By Dr. Becker
Since 2011, the national Pet Poison Helpline has reported a 65 percent increase in bromethalin poisoning in pets.
Bromethalin is a poison many manufacturers of rodenticides are now using as a replacement for long-acting anticoagulants in residential-use rat poison products. Manufacturers switched to bromethalin in response to a 2008 EPA directive intended to make rodenticides safer for kids, pets and wildlife.
Unfortunately, although the new bromethalin-containing products are meant to be safer, they have an unintended consequence. Bromethalin is faster acting than older rodenticides, and unlike long-acting anticoagulants, it has no antidote.
To make matters worse, the appearance and packaging of the new rodenticides is similar to older rat poisons, so often pet owners and veterinarians don’t even know what type of poison they’re dealing with.
Many veterinarians have already been challenged with treating bromethalin-poisoned pets, primarily dogs, and feel the problem will only get worse, increasing the number of animals that become terribly sick or die from accidental poisoning.
New ‘Safer’ Rodenticide Is Anything But
Bromethalin is a fast-acting neurotoxin that affects the brain and liver. In pets, signs of brain swelling and central nervous system disturbance appear within 2 to 24 hours of ingestion. Symptoms depend on how much of the poison was swallowed, and include unsteadiness, weakness, muscle tremors, paddling motions of the limbs, hyper-excitability, depression, vomiting, high fever, stiffness in the front legs, and seizures.
With long-acting anticoagulant poisoning, veterinarians had around 5 days to save the animal’s life. But the symptoms of bromethalin poisoning appear within 2 to 24 hours of ingestion. Once a pet is showing neurological signs, he or she may only have a day or two to be saved, and successful treatment is both difficult and expensive.
Because there’s no antidote for bromethalin intoxication, treatment generally consists of supportive care, including inducing vomiting and administering activated charcoal.
The severity of the poisoning depends on how much bromethalin is ingested. If vomiting can’t be induced within 10 to 15 minutes of ingestion, it should ONLY be attempted in a veterinary setting. The pet will also need to be monitored for acute signs of neurological impairment and given repeated doses of activated charcoal for the next 24 hours.

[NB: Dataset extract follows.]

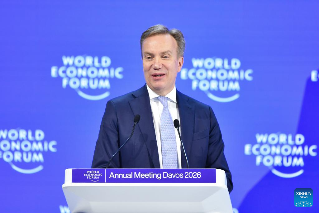 DAVOS, 23 enero, 2026 (Xinhua) -- Borge Brende, presidente del Foro Económico Mundial (FEM), pronuncia un discurso de clausura en la Reunión Anual del FEM 2026, en Davos, Suiza, el 23 de enero de 2026. El FEM concluyó su reunión anual 2026 aquí el viernes. (Xinhua/Lian Yi)

If symptoms occur, the patient will receive treatment to reduce swelling in the brain, including IV fluids. An animal who experiences seizures or paralysis after ingesting bromethalin has a poor prognosis for recovery.
Immediate veterinary care is necessary if you suspect your pet has ingested rat poison. Bring along the poison container with the label so your veterinarian knows what he or she is dealing with. The sooner your pet is treated, the better the chances for a full recovery.
Preventing Bromethalin Poisoining
If you have rodents around your home, I recommend a live trap called the Havahart®, which is a humane trap that catches mice, rats or other rodents so you can remove them from your home without using toxins or poisoning your environment.
If you must use a bait trap with a killing agent, select a product that contains an active ingredient other than bromethalin. Diaphacinone and chlorophacinone are short-acting anticoagulants, and most veterinarians will be familiar with standard methods of diagnosis and treatment. But again, I don’t advocate using these products if at all possible.
Supervise your pets when they’re outside to insure they never have a chance to consume rodents or rodent bait around your home or neighborhood.